People will be trained to work with AI effectively. They will gain an understanding of how to interpret the results provided by the model and how to use the insights in their everyday work.
The risk of wasting money is mitigated when you start small to verify your assumptions and track the performance of the deployed model. If you go big and implement AI company-wide all at once, there’s much more potential for costly mistakes.
Machines will be getting and better at performing certain tasks, and there’s no point in rebelling against this progress. What people can do is try to adapt to the changes and use the available technology to make their life easier.
And catching up with the competition is still possible. The early adopters have had their ups and downs, and you can learn from their experience not to make the same mistakes. If you go step by step, starting with a small AI project and then expanding as you see the results, you’re much more likely to succeed. That doesn’t mean your competitors won’t be racing you, for sure they’re coming up with solutions to boost sales and increase revenue, too. It’s not really about being the first one to build something, it’s about building it right.
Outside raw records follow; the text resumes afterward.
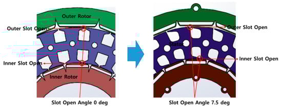 Figure 11 shows how to adjustment of stator slot opening angle. The method to show the cogging cancellation by changing the angle between the slot opening centers of the outer and inner rotors was verified by electromagnetic field analysis. In the case of ∠0°, cogging cancellation did not occur, similar to the case where only the slot opening was adjusted; however, cogging cancellation occurred when the angle was varied, and it was possible to derive the cogging cancellation waveform ideally at ∠7.5°.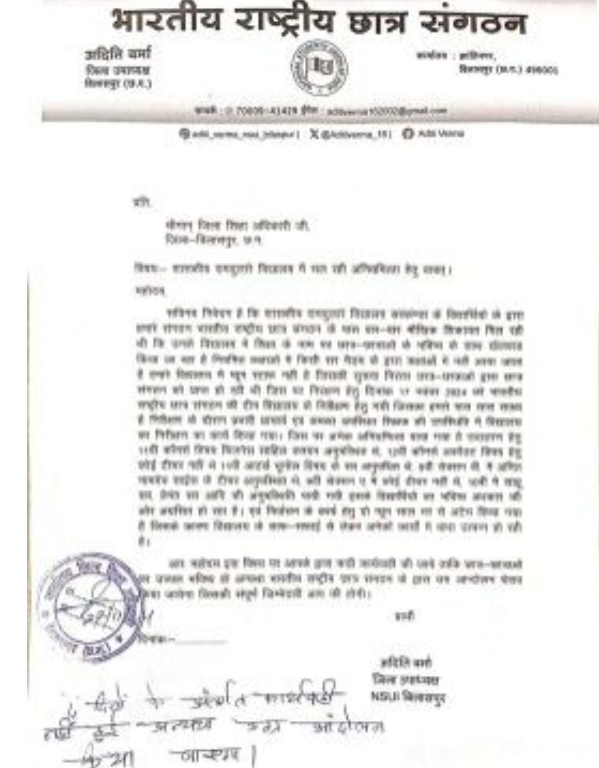एक नही दो ज्ञापन है! जिला उपाध्यक्ष अदिति वर्मा ने जहां स्कूल के प्यून के निर्वाचन ड्यूटी में जाने के कारण स्कूल की सफाई न होने से पूरे परिसर में गन्दगी फैली हुई है! अनियमितता व टीचरों के स्कूल न आने से विद्यार्थियों की पढ़ाई ठप और भविष्य अंधकार में होने और इसके बाद भी व्यवस्था न सुधरने पर उग्र आंदोलन की चेतावनी भी दी है!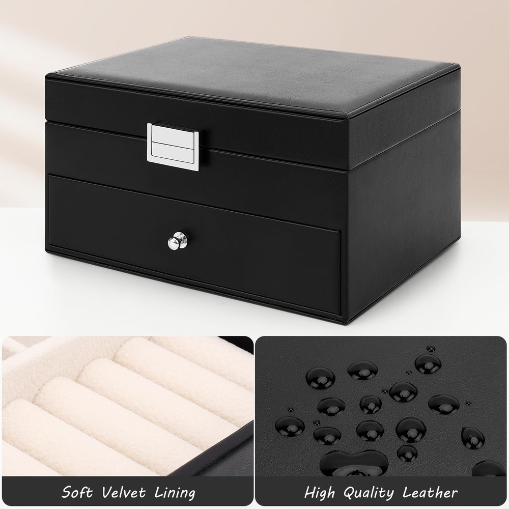 2-Layer Large Jewelry Organizer Box with Travel Case, Luxe Design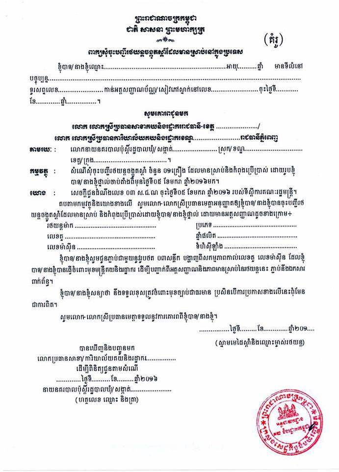 (ភ្នំពេញ)៖ អគ្គនាយកដ្ឋានគយ និងរដ្ឋាករកម្ពុជា បានប្រកាសឲ្យម្ចាស់យានយន្តចង្កូតស្តាំងទាំងអស់ ចូលទៅបង់ពន្ធ និងចុះបញ្ជី រថយន្ត ដោយមិនចាំបាច់កែចង្កូត ដើម្បីទទួលបានផ្លាកលេខ និង ប្រើប្រាស់ដោយស្របច្បាប់។

Scenario 5: The job ends with deploying the model, right?
It could seem like it, but it doesn’t. The model is deployed but never just “done”. Why not? Because everything around changes – so does data about consumers – and developing a model once and for all is not really an option. It has to be updated and improved in order to be accurate. What’s more, building the actual model is in fact just a part of the process. To really drive business results from AI adoption, the company must ensure that it introduces data-driven culture where people are encouraged to ask questions and the demand for knowing the data in any process is present. Deploying a predictive model is only a part of the process, but another important aspect is to teach people how to interpret and use the insights. Without putting insights in the hands of employees who need them, all you end up with is a glorified report. It’s your staff who know what insights they need, and they have to be taught how to use the model’s outcomes to enhance their work.
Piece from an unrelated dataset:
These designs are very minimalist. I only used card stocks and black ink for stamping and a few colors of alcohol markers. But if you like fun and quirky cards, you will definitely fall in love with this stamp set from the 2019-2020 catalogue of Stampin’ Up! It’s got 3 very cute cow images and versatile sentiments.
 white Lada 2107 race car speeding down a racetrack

How can AI and humans work together?
Bringing people and machines together requires some planning and training but it pays off. Research shows that companies focusing on human and machine collaboration create outcomes that are two to more than six times better than those of organizations focusing on machine or human alone.
James Wilson, coauthor of “Human + Machine. Reimagining work in the age of AI”, says:
BMW has found that robot/human teams were about 85% more productive than the old assembly line process, where you had industrial robots over on one side of the factory and people working on an old automated assembly line. When they got rid of that set up and started bringing people and collaborative robots to work together, they really started to see those big productivity improvements that just weren’t possible through the old way of thinking about automation.
In this new high-tech business world, finding the balance between work as we know it and the futuristic dreams may be difficult. The key now is not to lose sight of the people who create your organization, and to help them find ways to collaborate with the new technologies to make work more creative and efficient than ever before.